BLINCYTO can cause serious or life-threatening neurologic toxicity, including ICANS [see Adverse Reactions 6.1].

The incidence of neurologic toxicities in clinical trials was approximately 65% [see Adverse Reactions (6.1)]. Among patients that experienced a neurologic toxicity, the median time to the first event was within the first 2 weeks of BLINCYTO treatment. The most common (≥ 10%) manifestations of neurological toxicity were headache, and tremor; the neurological toxicity profile varied by age group [see Use in Specific Populations (8.4, 8.5)]. Grade 3 or higher neurological toxicities following initiation of BLINCYTO administration occurred in approximately 13% of patients and included encephalopathy, convulsions, speech disorders, disturbances in consciousness, confusion and disorientation, and coordination and balance disorders. Manifestations of neurological toxicity included cranial nerve disorders. The majority of neurologic toxicities resolved following interruption of BLINCYTO, but some resulted in treatment discontinuation.

The incidence of signs and symptoms consistent with ICANS in clinical trials was 7.5%. The onset of ICANS can be concurrent with CRS, following resolution of CRS, or in the absence of CRS.

There is limited experience with BLINCYTO in patients with active ALL in the central nervous system (CNS) or a history of neurologic events. Patients with a history or presence of clinically relevant CNS pathology were excluded from clinical studies. Patients with Down Syndrome may have a higher risk of seizures with BLINCYTO therapy; consider seizure prophylaxis prior to initiation of BLINCYTO for these patients.

Monitor patients receiving BLINCYTO for signs and symptoms of neurological toxicities, including ICANS. Advise outpatients on BLINCYTO to contact their healthcare professional if they develop signs or symptoms of neurological toxicities.
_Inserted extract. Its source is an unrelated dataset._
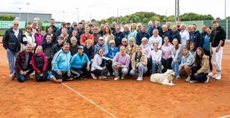 Gruppenfoto der Turnierteilnehmer mit Ehrengästen und Hund
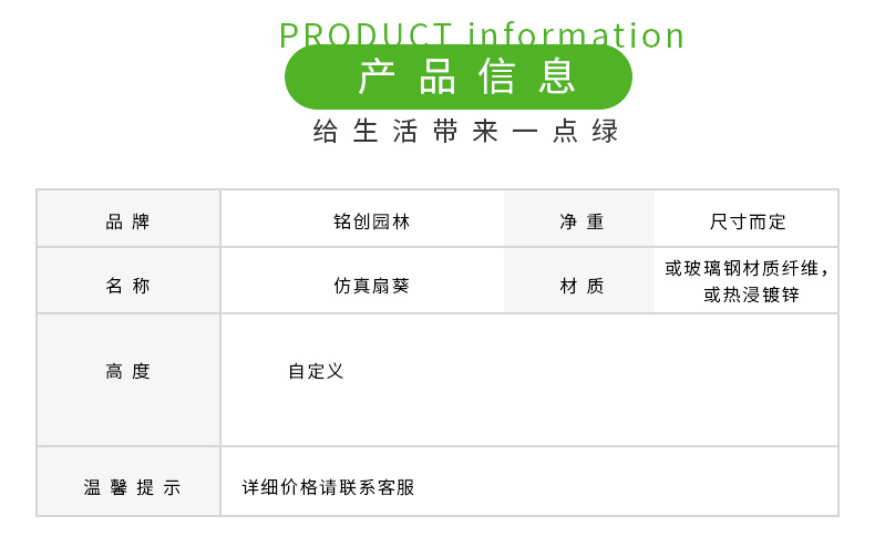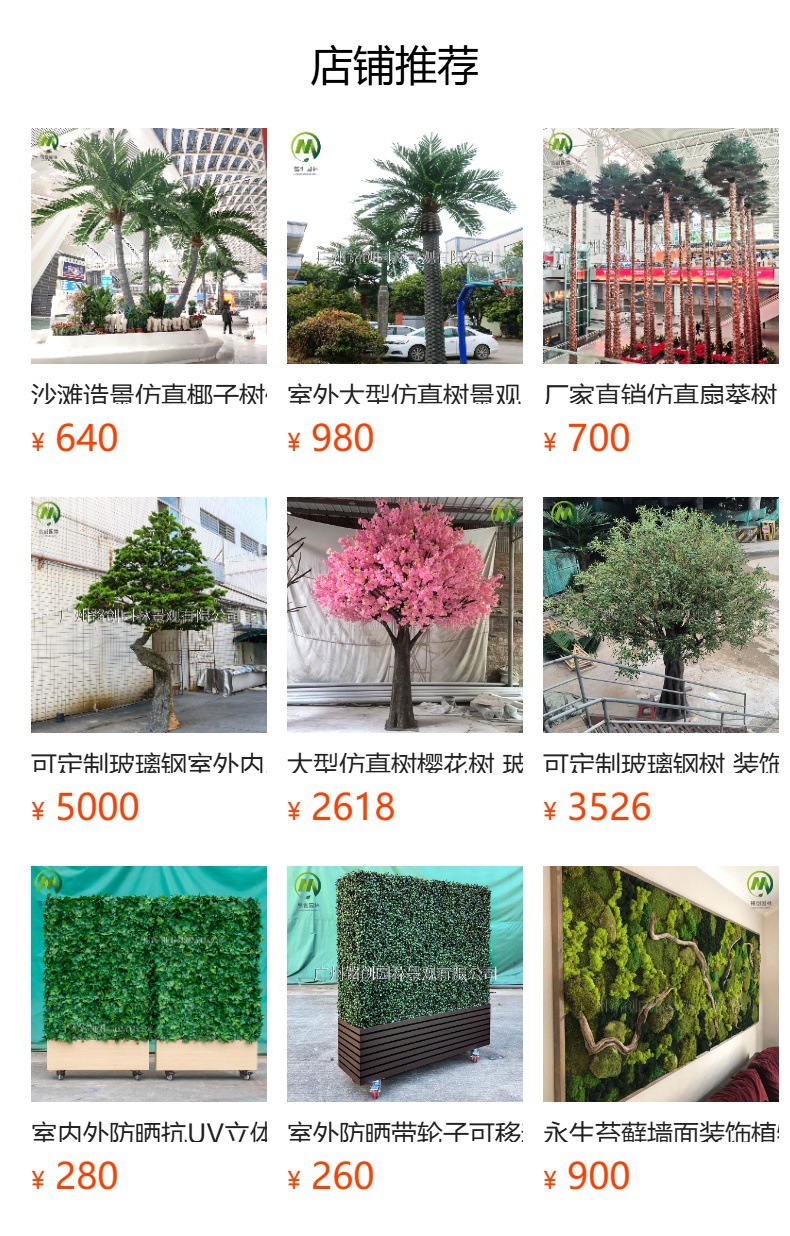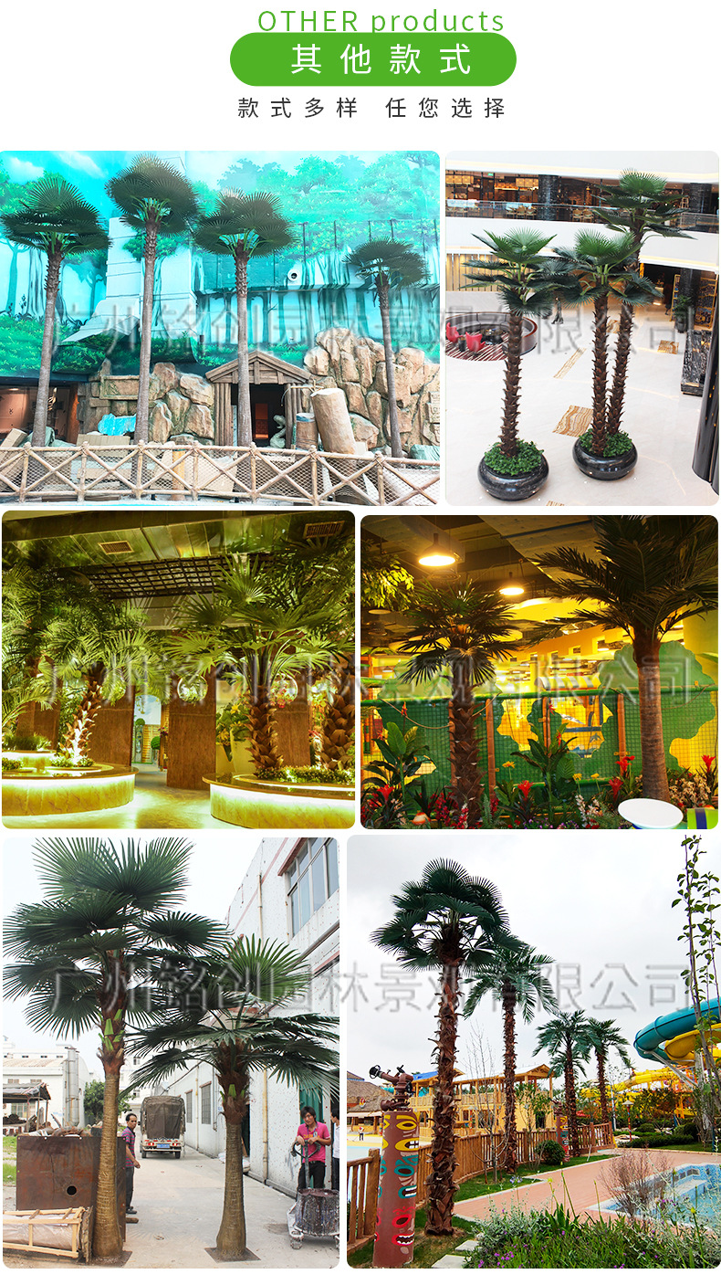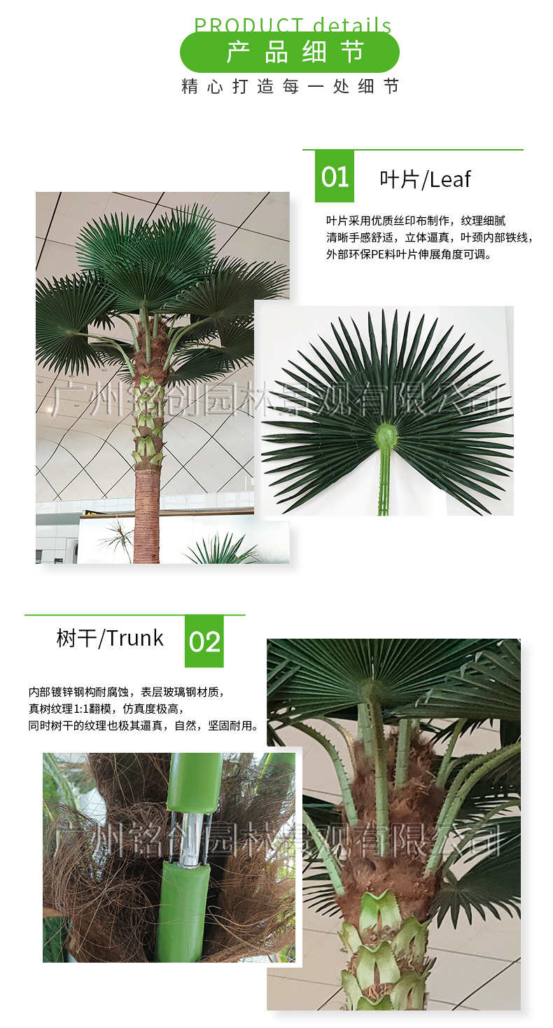 此款扇葵表层采用玻璃钢材质制作,树干内部镀锌结构,耐腐蚀,叶片采用优质丝印布制作,纹理逼真细腻,树干的纹理也极其逼真,自然,也可接受其他造型树的定制,来图加工,来样加工,如需了解更多产品,可点击此处联系客服

Management of neurologic toxicity may require interruption or discontinuation of BLINCYTO as recommended and/or treatment with corticosteroids [see Dosage and Administration (2.4)].

• Cytokine Release Syndrome (CRS), which may be life-threatening or fatal, occurred in patients receiving BLINCYTO. Interrupt or discontinue BLINCYTO and treat with corticosteroids as recommended [see Dosage and Administration (2.4), Warnings and Precautions (5.1)].
• Neurological toxicities, including immune effector cell-associated neurotoxicity syndrome (ICANS) which may be severe, life-threatening, or fatal, occurred in patients receiving BLINCYTO. Interrupt or discontinue BLINCYTO as recommended [see Dosage and Administration (2.4) , Warnings and Precautions (5.2)].